第1部 第1章 第2節 森林整備の動向(1)
(1)森林整備の推進状況
(森林整備による健全な森林づくり)
森林の有する多面的機能の適切な発揮に向けては、間伐や主伐後の再造林などの森林整備を確実に行いつつ、森林資源の適正な管理・利用を進めることが必要である。また、自然条件等に応じて、複層林化(*12)、長伐期化(*13)、針広混交林化や広葉樹林化(*14)を推進するなど、多様で健全な森林づくりを進めることも必要となっている。
特に、水源涵(かん)養機能や山地災害防止機能・土壌保全機能等を発揮させるためには、樹冠や下草が発達し、樹木の根が深く広く発達した森林とする必要がある。このため、植栽、保育、間伐等の森林整備を適切に行う必要がある。
(*12)針葉樹一斉人工林を帯状、群状等に択伐し、その跡地に人工更新するなどにより、複数の樹冠層を有する森林を造成すること。
(*13)従来の単層林施業が40~50年程度以上で主伐(皆伐等)することを目的としていることが多いのに対し、これのおおむね2倍に相当する林齢以上まで森林を育成し主伐を行うこと。
(*14)針葉樹一斉人工林を帯状、群状等に択伐し、その跡地に広葉樹を天然更新等により生育させることにより、針葉樹と広葉樹が混在する針広混交林や広葉樹林にすること。
(森林整備の実施状況)
林野庁では、森林整備事業により、森林所有者等による間伐や再造林、路網整備等を支援するとともに、国有林野事業においては、間伐や再造林、針広混交林化等の多様な森林整備を実施している(*15)。また、国立研究開発法人森林研究・整備機構では、水源林造成事業により奥地水源地域の保安林を対象として、森林の造成等を実施している。
このような取組の結果、令和6(2024)年度の主な森林整備の実施状況は、人工造林面積が3.5万haであったほか、保育、間伐等の森林施業を行った面積が41万haであった(資料1-7)。

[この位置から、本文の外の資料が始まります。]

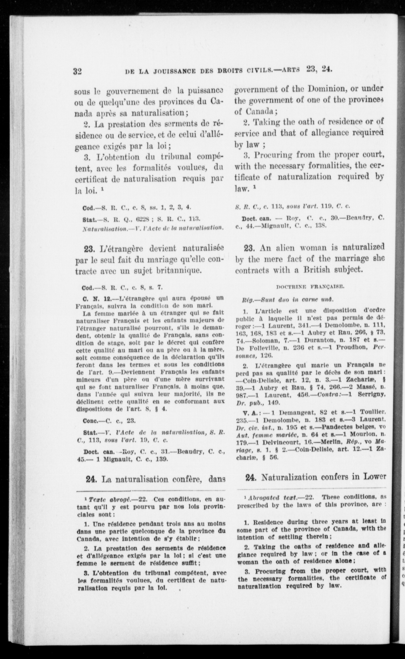 Le code civil de la province de Québec, annoté : contenant les textes français et anglais et celui du code Napoléon, les autorités et les remarques des codificateurs, le droit ancien, la concordance des articles, le droit statutaire, la doctrine canadienne, la jurisprudence canadienne, la doctrine française et les règles de droit avec divers appendices

(*15)国有林野事業の具体的取組については、第4章第2節(1)-(2)200-211ページを参照。
(適正な森林施業の確保等のための措置)
森林の立木の伐採行為の実態や伐採後の森林の更新状況を把握することは、適正な森林施業の確保を図る上で重要となる。このため、市町村森林整備計画において標準的な森林施業等の方法を示すとともに、森林所有者等が立木の伐採を行おうとするときは、あらかじめ、市町村長に対して伐採及び伐採後の造林の届出を行う伐採造林届出制度を運用している。林野庁では、適正な伐採と更新の確保を一層図るため、権利関係や境界関係などを確認できる添付書類を規定する同制度の見直しを行い、令和5(2023)年度から運用を開始している。
また、衛星画像を活用し、インターネット上で伐採箇所を抽出するシステムを普及することにより、市町村職員等による効率的な伐採状況の把握・監視を促進している。